И отвернулась, чтобы мама лица ее не углядела. Стыдно, какая-то глупая жалостность к себе. И толком не объяснить. Точно не знала она сама той Валентины, у которой дочь выходит замуж! Да, конечно, довольна должна быть. А Валентина, другая, оставалась молодой, беспокойной, взбалмошной. И ей захотелось — внезапно до слез захотелось притиснуть к коленям годовалого, слабо еще стоящего на ножках ребенка — с в о е г о.

Та же, первая, довольная, Валентина хмыкнула: ну ты даешь!


За ночь внезапно навалило снега, и теперь он, розовый, сверкал на солнце. Татка подносила его к лицу горстями и нюхала. Они гуляли с Митей в парке. Было так хорошо, что для остроты ощущений хотелось к чему-нибудь прицепиться, придраться к Мите, чтобы он с очевидным испугом в зеленовато-карих глазах убегал, отмахивался от грозящей ссоры, а она, Татка, наблюдая его метания, убеждалась: да, любит.

Она нуждалась в таких подтверждениях. А вместе с тем ее чувство к Мите разрасталось тогда, когда он, потеряв терпение, вдруг замыкался, делался холодным, чужим, бесстрастно вежливым; тут вот она готова была к нему броситься, повиснуть на нем. Но он уходил. Она глядела ему в спину, не двигаясь, продлевая сладкую свою муку, не разрешая себе кинуться за ним вслед, зная, уже точно зная, что тоже лю-бит.

Это были дурные игры, она понимала. И не могла удержать себя. Жизнь, мир вокруг волновал, тревожил, и, наэлектризованная этим током, она смеялась, дерзила, нарывалась на неприятности, желая, умирая от любопытства, узнать: кто же я?

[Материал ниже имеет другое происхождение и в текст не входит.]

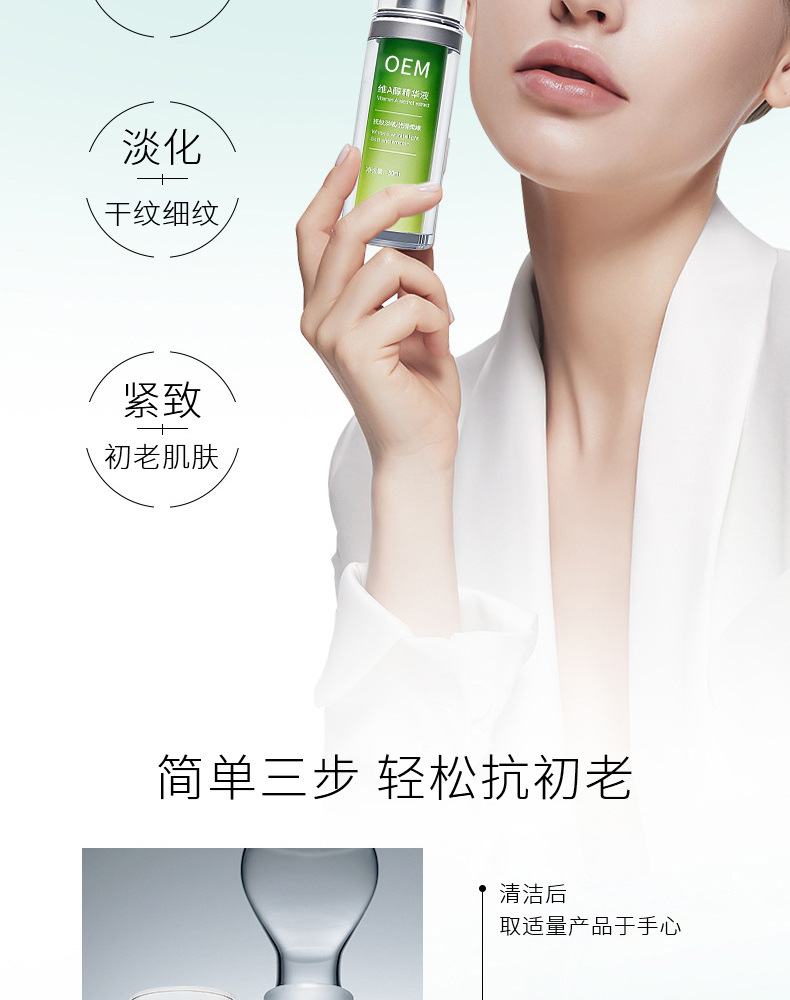 A醇视黄醇精华青春定格液oem代加工紧致淡纹早C晚A精华液原液加工

При этом со стороны она себя не видела. Клубок, постоянно мелькающий, запутывающийся в ней самой, не давал возможности вглядеться в себя спокойно. Она держалась наступательно, задиристо, оказываясь таким образом вдвойне беззащитной, беспомощной, как и бывает обычно в молодости. За ней следили, ее оценивали, она же трепетала, захлебывалась от новизны всего, притворяясь, что уже повидала предостаточно.

То же, быть может, испытывают лунатики, ступая с бесстрашной твердостью по краю карниза. Они решили с Митей пожениться, но ни свадьба, ни то, где, как они будут жить, ее почти не занимало. Занимал момент, вот сейчас… В азарте она могла все поставить на карту, проиграться и глазом не моргнуть. Ничуть не страшно. Ведь страшно-то тем бывает, кто о завтрашнем дне тревожится, беспокоится о мнении окружающих: как-то они это все будут обсуждать? Татка же вокруг никого не видела. Была она, и был Митя. Только двое. Извне ничего не привносилось. Такое существование могло длиться лишь миг.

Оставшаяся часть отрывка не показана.